Tuesday, March 5, 2013

I know, I know...I've been away...

I had not realized so much time has gone by since I have updated my blog, until I received a note in the mail with a Christmas card, asking why my blog had not been updated for those long distance friends and family.

*insert red face*

Nothing like calling me out. hee hee. It's hard with Facebook, where I tend to post more updates and pics there, and kinda just forgot the blog thing.
Sor-reeee!

I was also a little hard pressed to find much that was positive to post about.
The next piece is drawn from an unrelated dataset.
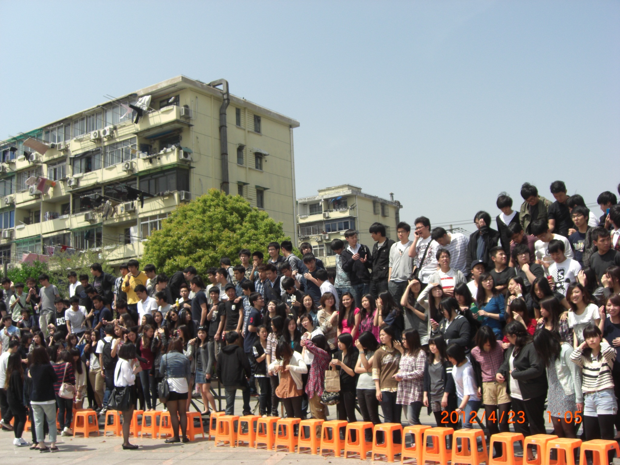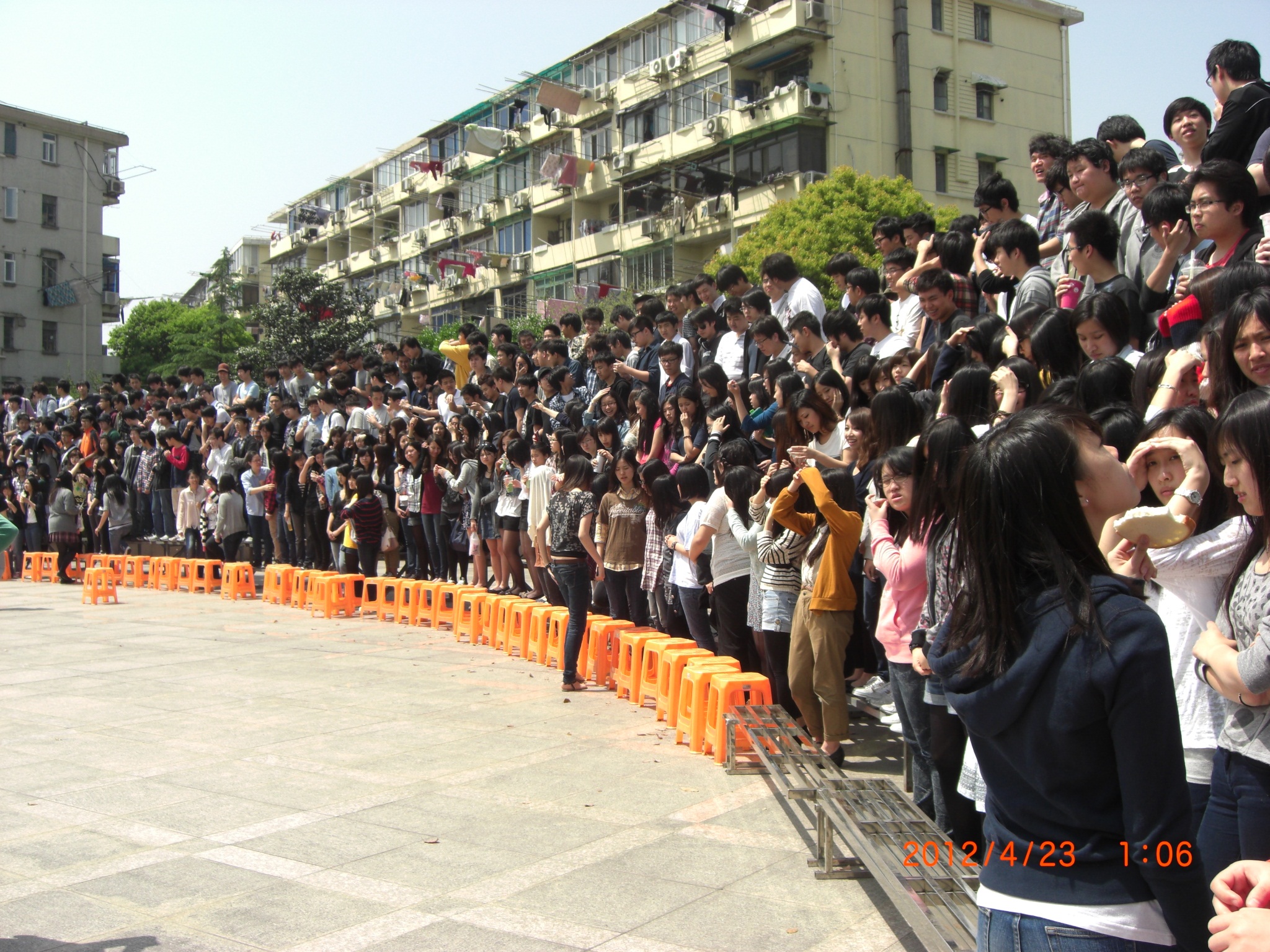 During the fifth period of April 23, all of the teachers and students from the high school section took the "family photo". Students were well trained and it took them less than twenty minutes to finish the shooting of the group photo with more than 500 persons.

Life has seemed to take a big turn for us, and just getting by daily was a chore.

Hubby has been busy working with me in getting our garden ready for planting. We had to dig out about 4ft down worth of soil and haul it out. My poor little garden was getting stunted from the neighbors tree roots. He spent two days hacking away at huge tree roots, and digging away. I then loaded the space with steer manure, organic compost and organic vegetable soil. So far I have Spinach, Cauliflower and two different Tomato plants in the ground. I was so excited that we managed to save my artichoke plant. We dug it up and stuck in a pot while we did all this work, and then replanted it. It's still alive! This will be my third year growing it, so hoping next year to see some artichokes on it. This has got to be the slowest growing vegetable EVER. I have carrots and Red Onions to still plant, but we have a huge rain storm this week hitting, so I will wait until after. Then next weekend we will start in on our second garden area, tearing those roots out. That neighbor has a huge crab apple tree against the fence and the roots are everywhere. I'm planting Squash, Zucchini, Strawberries, Peppers and Green onions there. We also trimmed our Lime tree way back, so it should be a great producer this year.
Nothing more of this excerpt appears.